Apache Hive : DeveloperGuide

Code Organization and a Brief Architecture

Introduction

Hive has 3 main components:

Serializers/Deserializers (trunk/serde) - This component has the framework libraries that allow users to develop serializers and deserializers for their own data formats. This component also contains some builtin serialization/deserialization families.
MetaStore (trunk/metastore) - This component implements the metadata server, which is used to hold all the information about the tables and partitions that are in the warehouse.
Query Processor (trunk/ql) - This component implements the processing framework for converting SQL to a graph of map/reduce jobs and the execution time framework to run those jobs in the order of dependencies.

Apart from these major components, Hive also contains a number of other components.
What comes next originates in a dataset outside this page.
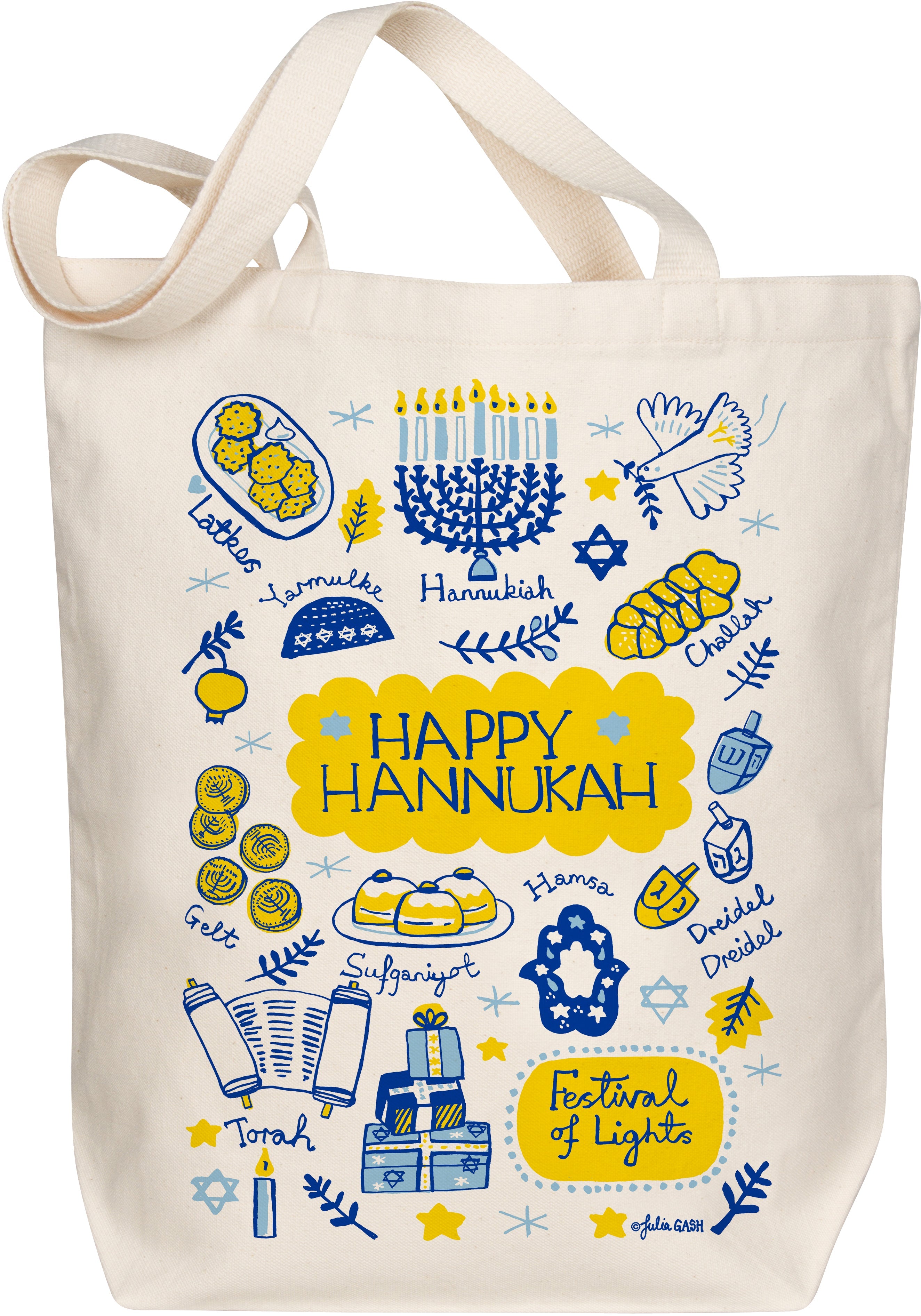 Celebrate the spirit of Hanukkah with this illustrated and eco-friendly tote bag.

These are as follows:

Command Line Interface (trunk/cli) - This component has all the java code used by the Hive command line interface.
Hive Server (trunk/service) - This component implements all the APIs that can be used by other clients (such as JDBC drivers) to talk to Hive.
Common (trunk/common) - This component contains common infrastructure needed by the rest of the code. Currently, this contains all the java sources for managing and passing Hive configurations(HiveConf) to all the other code components.
Ant Utilities (trunk/ant) - This component contains the implementation of some ant tasks that are used by the build infrastructure.
Scripts (trunk/bin) - This component contains all the scripts provided in the distribution including the scripts to run the Hive CLI (bin/hive).
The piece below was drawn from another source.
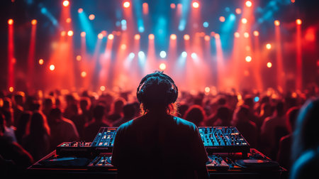 A dj mixing music in front of a crowd of people. Generative AI image.
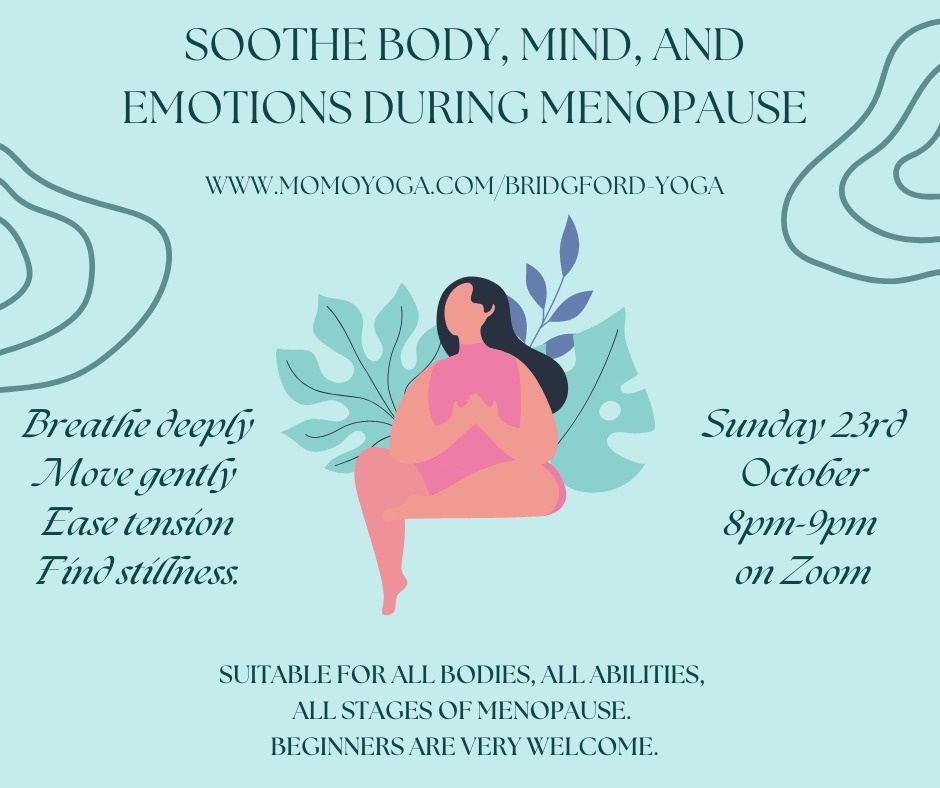 Join this gentle Yoga practice for the Menopause on Sunday 23rd October at 8pm.

The following top level directories contain helper libraries, packaged configuration files etc..:

trunk/conf - This directory contains the packaged hive-default.xml and hive-site.xml.
trunk/data - This directory contains some data sets and configurations used in the Hive tests.
trunk/ivy - This directory contains the Ivy files used by the build infrastructure to manage dependencies on different Hadoop versions.
trunk/lib - This directory contains the run time libraries needed by Hive.
trunk/testlibs - This directory contains the junit.jar used by the JUnit target in the build infrastructure.
trunk/testutils (Deprecated)

Hive SerDe

What is a SerDe?

SerDe is a short name for “Serializer and Deserializer.”
Hive uses SerDe (and FileFormat) to read and write table rows.
HDFS files –> InputFileFormat –> <key, value> –> Deserializer –> Row object
Row object –> Serializer –> <key, value> –> OutputFileFormat –> HDFS files

Note that the “key” part is ignored when reading, and is always a constant when writing. Basically row object is stored into the “value”.

One principle of Hive is that Hive does not own the HDFS file format. Users should be able to directly read the HDFS files in the Hive tables using other tools or use other tools to directly write to HDFS files that can be loaded into Hive through “CREATE EXTERNAL TABLE” or can be loaded into Hive through “LOAD DATA INPATH,” which just move the file into Hive’s table directory.

Note that org.apache.hadoop.hive.serde is the deprecated old SerDe library. Please look at org.apache.hadoop.hive.serde2 for the latest version.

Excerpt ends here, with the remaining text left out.